WHAT NEEDS TO BE DONE: Would you repeat every line of the material exactly?

RAW DATA:
== Segment start ==
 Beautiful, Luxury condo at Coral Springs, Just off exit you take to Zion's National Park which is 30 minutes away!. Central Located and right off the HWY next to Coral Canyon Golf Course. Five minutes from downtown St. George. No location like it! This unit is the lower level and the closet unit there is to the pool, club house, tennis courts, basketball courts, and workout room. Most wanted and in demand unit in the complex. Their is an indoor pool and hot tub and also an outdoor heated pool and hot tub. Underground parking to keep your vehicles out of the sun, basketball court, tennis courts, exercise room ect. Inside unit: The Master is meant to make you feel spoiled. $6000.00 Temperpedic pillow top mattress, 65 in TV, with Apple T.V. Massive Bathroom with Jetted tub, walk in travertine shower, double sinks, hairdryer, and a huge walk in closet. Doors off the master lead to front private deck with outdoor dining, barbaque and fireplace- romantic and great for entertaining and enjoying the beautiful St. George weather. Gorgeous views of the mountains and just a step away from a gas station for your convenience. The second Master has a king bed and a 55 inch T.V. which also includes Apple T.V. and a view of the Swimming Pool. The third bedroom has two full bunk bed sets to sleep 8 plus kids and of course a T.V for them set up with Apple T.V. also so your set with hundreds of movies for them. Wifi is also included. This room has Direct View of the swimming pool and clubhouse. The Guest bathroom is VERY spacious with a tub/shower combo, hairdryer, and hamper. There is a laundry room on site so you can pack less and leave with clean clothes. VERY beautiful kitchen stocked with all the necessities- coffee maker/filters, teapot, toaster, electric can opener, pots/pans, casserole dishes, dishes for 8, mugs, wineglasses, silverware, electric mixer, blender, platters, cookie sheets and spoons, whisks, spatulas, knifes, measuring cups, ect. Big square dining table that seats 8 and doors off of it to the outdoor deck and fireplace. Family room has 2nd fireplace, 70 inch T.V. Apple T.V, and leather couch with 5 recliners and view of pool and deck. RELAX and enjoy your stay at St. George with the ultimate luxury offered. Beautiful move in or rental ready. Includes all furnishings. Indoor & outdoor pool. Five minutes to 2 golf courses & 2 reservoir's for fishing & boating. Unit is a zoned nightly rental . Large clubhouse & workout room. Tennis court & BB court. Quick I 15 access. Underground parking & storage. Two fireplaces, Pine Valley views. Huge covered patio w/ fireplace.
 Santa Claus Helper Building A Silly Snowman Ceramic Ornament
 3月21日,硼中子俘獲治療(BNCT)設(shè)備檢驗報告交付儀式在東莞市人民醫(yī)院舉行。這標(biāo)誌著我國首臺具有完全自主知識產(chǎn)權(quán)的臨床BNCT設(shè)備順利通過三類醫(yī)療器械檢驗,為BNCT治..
== Segment end ==
OUTPUT FOR THIS EXERCISE:
 Beautiful, Luxury condo at Coral Springs, Just off exit you take to Zion's National Park which is 30 minutes away!. Central Located and right off the HWY next to Coral Canyon Golf Course. Five minutes from downtown St. George. No location like it! This unit is the lower level and the closet unit there is to the pool, club house, tennis courts, basketball courts, and workout room. Most wanted and in demand unit in the complex. Their is an indoor pool and hot tub and also an outdoor heated pool and hot tub. Underground parking to keep your vehicles out of the sun, basketball court, tennis courts, exercise room ect. Inside unit: The Master is meant to make you feel spoiled. $6000.00 Temperpedic pillow top mattress, 65 in TV, with Apple T.V. Massive Bathroom with Jetted tub, walk in travertine shower, double sinks, hairdryer, and a huge walk in closet. Doors off the master lead to front private deck with outdoor dining, barbaque and fireplace- romantic and great for entertaining and enjoying the beautiful St. George weather. Gorgeous views of the mountains and just a step away from a gas station for your convenience. The second Master has a king bed and a 55 inch T.V. which also includes Apple T.V. and a view of the Swimming Pool. The third bedroom has two full bunk bed sets to sleep 8 plus kids and of course a T.V for them set up with Apple T.V. also so your set with hundreds of movies for them. Wifi is also included. This room has Direct View of the swimming pool and clubhouse. The Guest bathroom is VERY spacious with a tub/shower combo, hairdryer, and hamper. There is a laundry room on site so you can pack less and leave with clean clothes. VERY beautiful kitchen stocked with all the necessities- coffee maker/filters, teapot, toaster, electric can opener, pots/pans, casserole dishes, dishes for 8, mugs, wineglasses, silverware, electric mixer, blender, platters, cookie sheets and spoons, whisks, spatulas, knifes, measuring cups, ect. Big square dining table that seats 8 and doors off of it to the outdoor deck and fireplace. Family room has 2nd fireplace, 70 inch T.V. Apple T.V, and leather couch with 5 recliners and view of pool and deck. RELAX and enjoy your stay at St. George with the ultimate luxury offered. Beautiful move in or rental ready. Includes all furnishings. Indoor & outdoor pool. Five minutes to 2 golf courses & 2 reservoir's for fishing & boating. Unit is a zoned nightly rental . Large clubhouse & workout room. Tennis court & BB court. Quick I 15 access. Underground parking & storage. Two fireplaces, Pine Valley views. Huge covered patio w/ fireplace.
 Santa Claus Helper Building A Silly Snowman Ceramic Ornament
 3月21日,硼中子俘獲治療(BNCT)設(shè)備檢驗報告交付儀式在東莞市人民醫(yī)院舉行。這標(biāo)誌著我國首臺具有完全自主知識產(chǎn)權(quán)的臨床BNCT設(shè)備順利通過三類醫(yī)療器械檢驗,為BNCT治..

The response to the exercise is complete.